> **Data for the task**
________________________________________
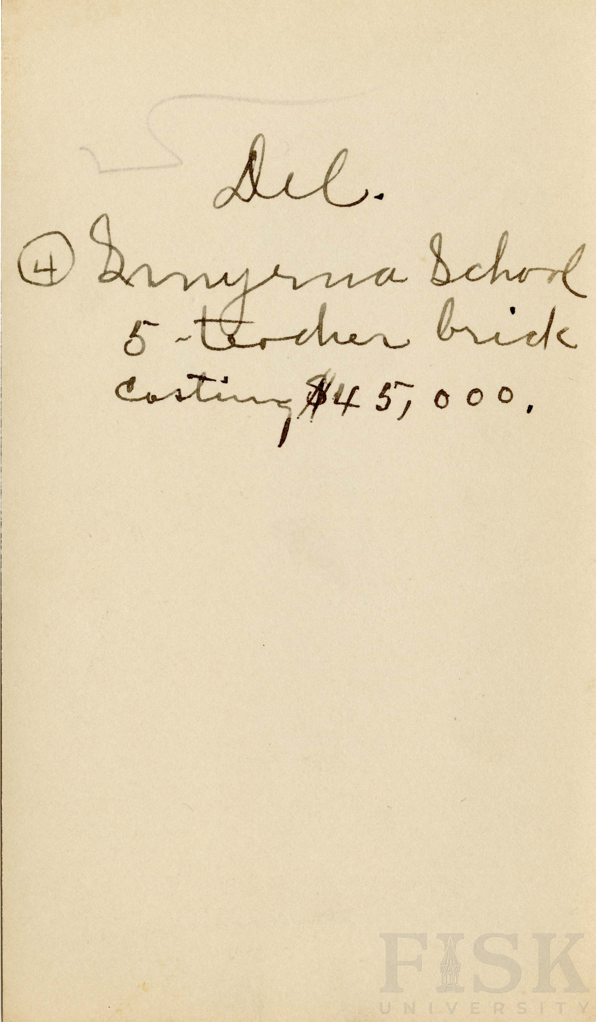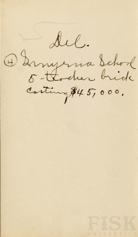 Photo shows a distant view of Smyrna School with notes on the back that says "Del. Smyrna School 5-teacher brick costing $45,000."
________________________________________
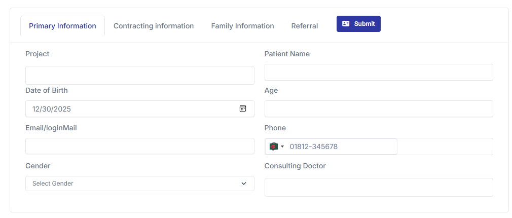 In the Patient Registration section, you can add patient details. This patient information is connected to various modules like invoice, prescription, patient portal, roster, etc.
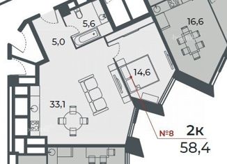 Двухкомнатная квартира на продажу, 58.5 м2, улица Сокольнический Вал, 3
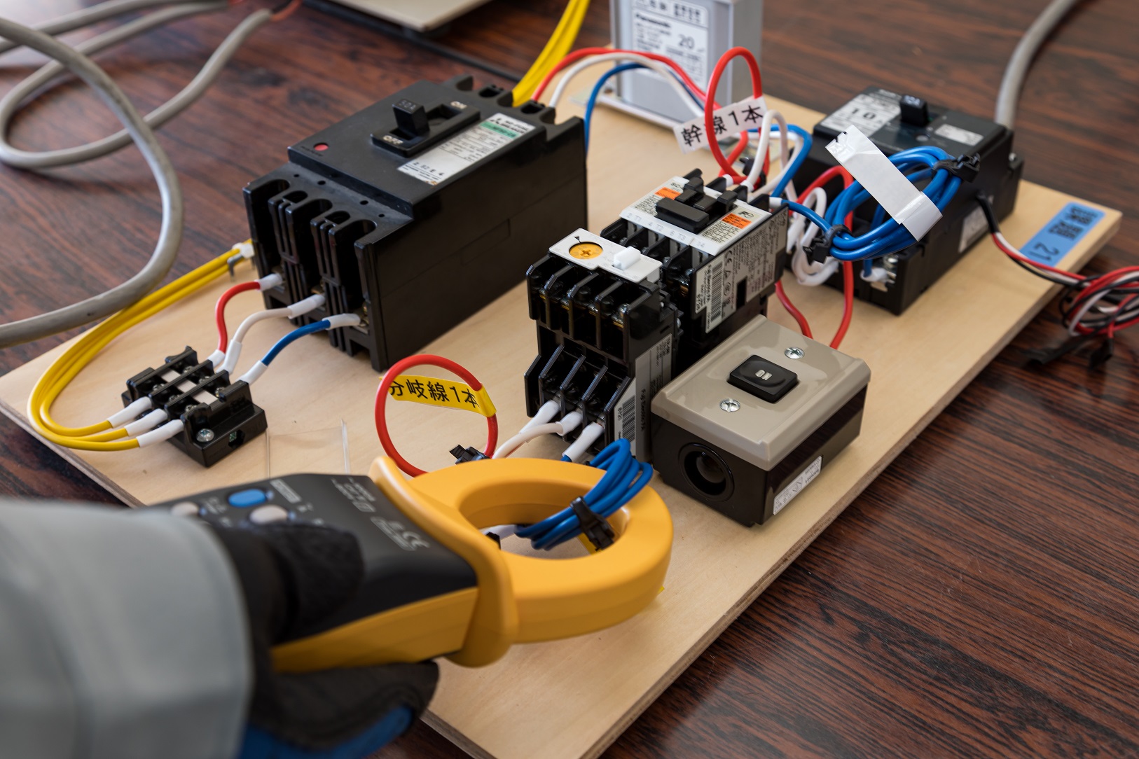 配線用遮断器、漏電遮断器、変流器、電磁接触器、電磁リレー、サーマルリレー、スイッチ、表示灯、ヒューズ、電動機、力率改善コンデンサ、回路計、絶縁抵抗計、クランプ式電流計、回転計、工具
________________________________________
In the listing above, find the line with "Двухкомнатная квартира на" and the line with "配線用遮断器、漏電遮断器、変". Transcribe those two and everything between, exactly, leaving out pictures.

> **Answer section**
 Двухкомнатная квартира на продажу, 58.5 м2, улица Сокольнический Вал, 3
 配線用遮断器、漏電遮断器、変流器、電磁接触器、電磁リレー、サーマルリレー、スイッチ、表示灯、ヒューズ、電動機、力率改善コンデンサ、回路計、絶縁抵抗計、クランプ式電流計、回転計、工具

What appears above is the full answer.